■ **DATA FOR PROCESSING**
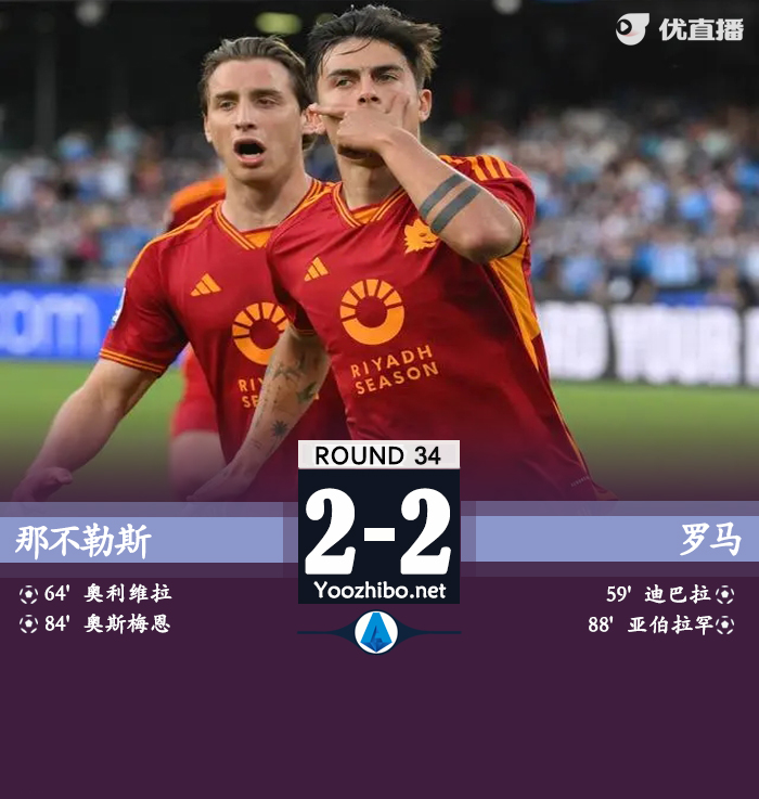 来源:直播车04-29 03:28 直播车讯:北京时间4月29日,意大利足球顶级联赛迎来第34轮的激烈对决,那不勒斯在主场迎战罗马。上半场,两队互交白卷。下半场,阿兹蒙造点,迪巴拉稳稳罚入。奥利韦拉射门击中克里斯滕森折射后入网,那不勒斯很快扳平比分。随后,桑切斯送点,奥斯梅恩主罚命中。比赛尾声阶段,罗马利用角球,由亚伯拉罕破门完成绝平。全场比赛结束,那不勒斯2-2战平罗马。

--

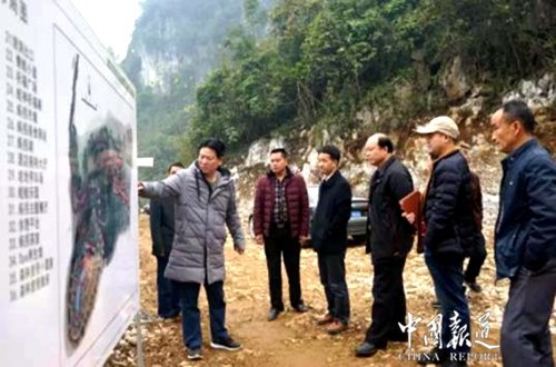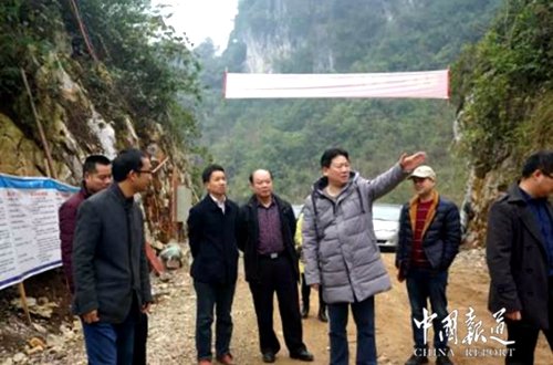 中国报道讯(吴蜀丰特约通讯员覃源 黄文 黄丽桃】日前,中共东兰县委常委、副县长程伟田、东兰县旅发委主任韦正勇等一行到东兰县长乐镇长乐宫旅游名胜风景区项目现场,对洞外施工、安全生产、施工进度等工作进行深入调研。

---

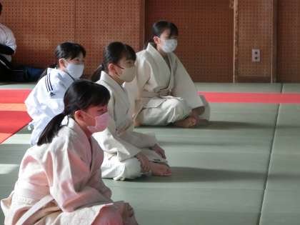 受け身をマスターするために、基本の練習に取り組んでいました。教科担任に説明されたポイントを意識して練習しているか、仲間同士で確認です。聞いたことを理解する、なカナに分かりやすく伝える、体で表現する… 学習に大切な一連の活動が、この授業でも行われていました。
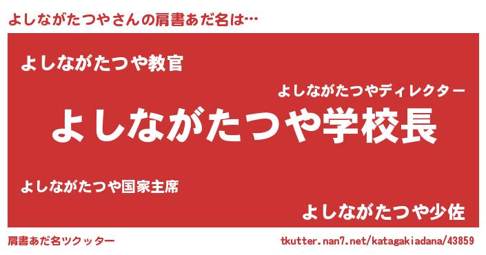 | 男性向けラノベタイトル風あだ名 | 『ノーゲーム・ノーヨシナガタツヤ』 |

■ **YOUR TASK**
Line for line, output the entries above from the line with "受け身をマスターするために、" to the line with "男性向けラノベタイトル風あだ名 | 『ノーゲーム・ノーヨシナガタツヤ』 |", both included, and nothing more. Skip pictures.

■ **OUTPUT FOR THIS EXERCISE**
 受け身をマスターするために、基本の練習に取り組んでいました。教科担任に説明されたポイントを意識して練習しているか、仲間同士で確認です。聞いたことを理解する、なカナに分かりやすく伝える、体で表現する… 学習に大切な一連の活動が、この授業でも行われていました。
 | 男性向けラノベタイトル風あだ名 | 『ノーゲーム・ノーヨシナガタツヤ』 |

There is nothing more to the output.